Zombaria de pacientes, gravação de exames íntimos e apologia ao estupro expõem falhas na formação ética de futuros profissionais da saúde.
Amanda Talita
Uma série de incidentes envolvendo estudantes de Medicina no Brasil tem gerado preocupação quanto à formação ética desses futuros profissionais. Casos de zombaria a pacientes, divulgação indevida de exames íntimos e manifestações que fazem apologia à violência sexual destacam falhas no preparo humano nas faculdades de Medicina.
De acordo com um estudo conduzido pela ABEM (Associação Brasileira de Educação Médica), somente 37% dos alunos acreditam que a educação ética adquirida durante a graduação é adequada para enfrentar os desafios da prática clínica. Além disso, o Relatório Mundial da Educação Médica da OMS já havia chamado a atenção para a importância de balancear o saber técnico com competências interpessoais e princípios éticos robustos.
Desrespeito ao paciente
Em São Paulo, duas estudantes de Medicina foram denunciadas por injúria após publicarem um vídeo nas redes sociais zombando de uma paciente que havia passado por múltiplos transplantes de coração e rim. A paciente, Vitória Chaves da Silva, de 26 anos, faleceu dias após a divulgação do vídeo. As estudantes, identificadas como Gabrielli Farias de Souza e Thaís Caldeiras Soares Foffano, estavam em curso de extensão no Instituto do Coração (Incor) do Hospital das Clínicas da Faculdade de Medicina da Universidade de São Paulo (FMUSP).
O advogado criminalista Gustavo Bernardes comentou sobre as possíveis implicações legais do caso. “A gravação e divulgação de conteúdo que ridiculariza uma paciente em situação de vulnerabilidade pode ser enquadrada como injúria, conforme o Código Penal. Além disso, há uma clara violação dos princípios éticos que regem a prática médica”, explica.
Apologia à violência sexual e gravação intima
Uma situação semelhante ocorreu na Faculdade Santa Marcelina, também em São Paulo, onde estudantes de Medicina foram fotografados segurando uma faixa que com uma frase que fazia apologia ao estupro.
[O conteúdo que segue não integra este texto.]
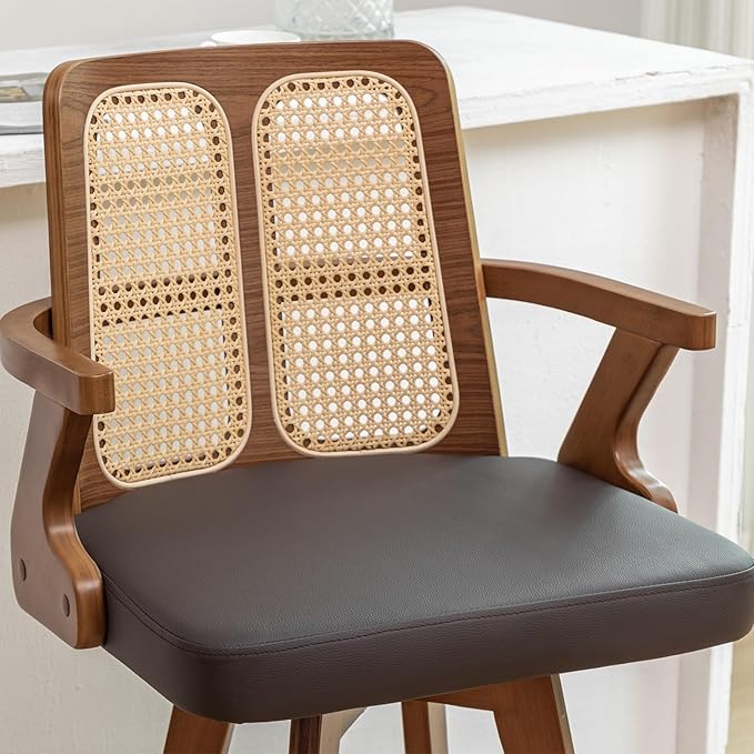 Set of 1 Swivel Counter Height Bar Stool - 27 inch Walnut Counter Stool with Cane Back, Upholstered Seat, Curved Arms, Faux Leather Bar Stool for Counter/Kitchen/Island/ (Walnut Brown)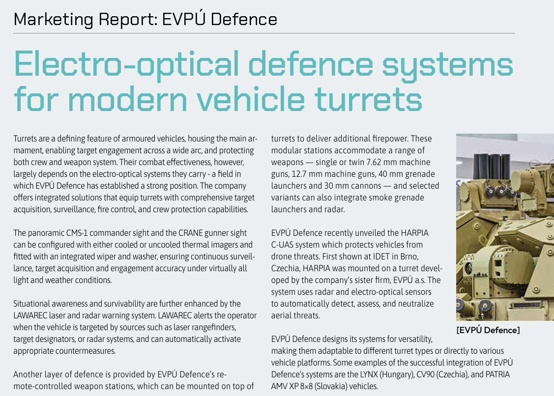 Prolistujte si nové vydání časopisu European Security & Defence a podívejte se, jak EVPÚ Defence díky svým špičkovým obranným systémům přispívá ke zvýšení schopností věží na bojových vozidlech. Naše integrovaná řešení poskytují posádkám bojových vozidel pokročilé technologie pro vyhledávání a sledování cílů, řízení palby i vlastní ochranu, a zajišťují tak mimořádnou operační efektivitu.

Tal posicionamento gerou repúdio de entidades de direitos humanos e levou a instituição a expulsar 12 estudantes que estavam presentes na foto ou que participaram do desenvolvimento da ideia.
“Comprometida com a transparência, os princípios éticos e morais, a dignidade social, acadêmica e a legislação vigente, a Faculdade Santa Marcelina reafirma sua postura proativa e colaborativa em relação ao assunto, perante as autoridades competentes”, afirmou a faculdade em nota pelas redes sociais. A Associação Atlética Acadêmica, a qual pertenciam os alunos, também permanece interditada desde o ocorrido.
Entre as ocorrências que mais causaram comoção nas redes sociais, está a registrada em Goiás. Uma universitária foi suspensa por divulgar nas redes sociais um vídeo feito durante um exame ginecológico de uma paciente, em uma Unidade de Pronto Atendimento (UPA), em Anápolis.
A instituição confirmou a suspensão da aluna e afirmou que instaurou um processo disciplinar. O caso está sendo investigado pela Polícia Civil. De acordo com o delegado responsável pela operação, Danillo Proto, em entrevista para o G1, o vídeo mostra a paciente parcialmente despida e revela seu nome completo — o que configura violação de sigilo profissional.
Notas institucionais
O diretor acadêmico da Faculdade de Ciências Médicas da Santa Casa de São Paulo, Dr. Henrique Silveira, vê nas ocorrências um reflexo da desconexão entre teoria e prática humanística. “As diretrizes curriculares apontam a ética como pilar, mas, na prática, ela é tratada como matéria secundária. Isso precisa mudar”, reitera.
Para ele, eventos como trotes e produções de conteúdo para redes sociais demonstram uma cultura permissiva. “Quando comportamentos ofensivos são tolerados ou banalizados dentro da universidade, o ambiente acadêmico deixa de cumprir seu papel educativo e formador”, ressalta.
O Conselho Federal de Medicina reforçou, em comunicado oficial, a importância da preservação da dignidade dos pacientes e do sigilo profissional. “A ética médica deve ser inegociável e permanentemente debatida dentro das instituições de ensino”, destacou a entidade.
Casos como esses, geram debate sobre os critérios de seleção para cursos da área da saúde e a necessidade de reforço em conteúdos voltados à formação moral e comportamental dos estudantes. O desafio vai além do currículo: envolve cultura, responsabilidade institucional e consciência profissional.